WORK TO BE COMPLETED.
Below are the records; print exactly the lines from the one with "- Terminez en" through the last, both included, and leave the pictures out.

ENTRIES SHOWN.
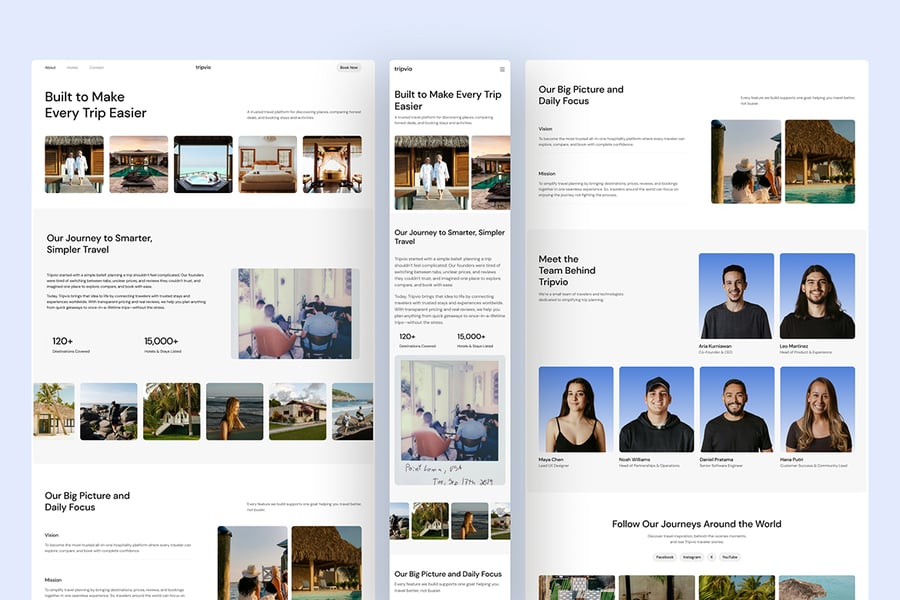 酒店网站要想成功,关键在于降低用户的不确定性。访客希望快速比较不同选项,了解各项服务内容,并安心预订。Tripvio 的设计正是基于这种用户需求。酒店页面支持筛选和浏览功能,而酒店详情页面则通过清晰的设施、房型选择和真实用户评价,让信息一目了然。结合醒目的行动号召按钮和便捷的联系页面布局,Tripvio 打造了完整的预订体验,并可根据不同酒店类型进行调整,从精品酒店到全球预订平台,都能轻松驾驭。
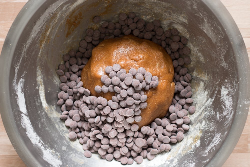 - Terminez en versant les pépites de chocolat et travaillez de nouveau votre boule pour les incorporer.
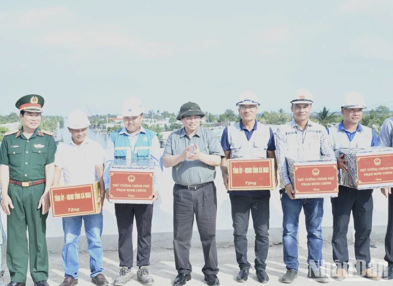 Thủ tướng Phạm Minh Chính tặng quà động viên các đơn vị thi công trên công trường. (Ảnh: THANH GIANG).
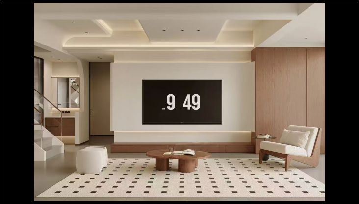 整体以暖色调为主,浅米色的墙面搭配木质地板,营造出自然、舒适的氛围。黑色的皮质沙发,质感十足,为空间增添了一份沉稳与大气。搭配几个不同花色和材质的抱枕,丰富了视觉层次,又带来柔软的触感。
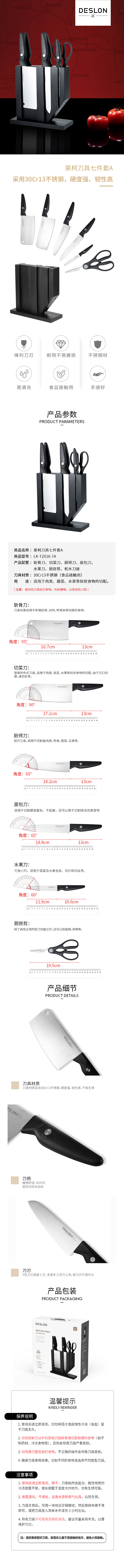 德世朗(DESLON)莱柯刀具七件套A LK-TZ016-7A(单位:套) 黑色

ANSWER SPACE.
 - Terminez en versant les pépites de chocolat et travaillez de nouveau votre boule pour les incorporer.
 Thủ tướng Phạm Minh Chính tặng quà động viên các đơn vị thi công trên công trường. (Ảnh: THANH GIANG).
 整体以暖色调为主,浅米色的墙面搭配木质地板,营造出自然、舒适的氛围。黑色的皮质沙发,质感十足,为空间增添了一份沉稳与大气。搭配几个不同花色和材质的抱枕,丰富了视觉层次,又带来柔软的触感。
 德世朗(DESLON)莱柯刀具七件套A LK-TZ016-7A(单位:套) 黑色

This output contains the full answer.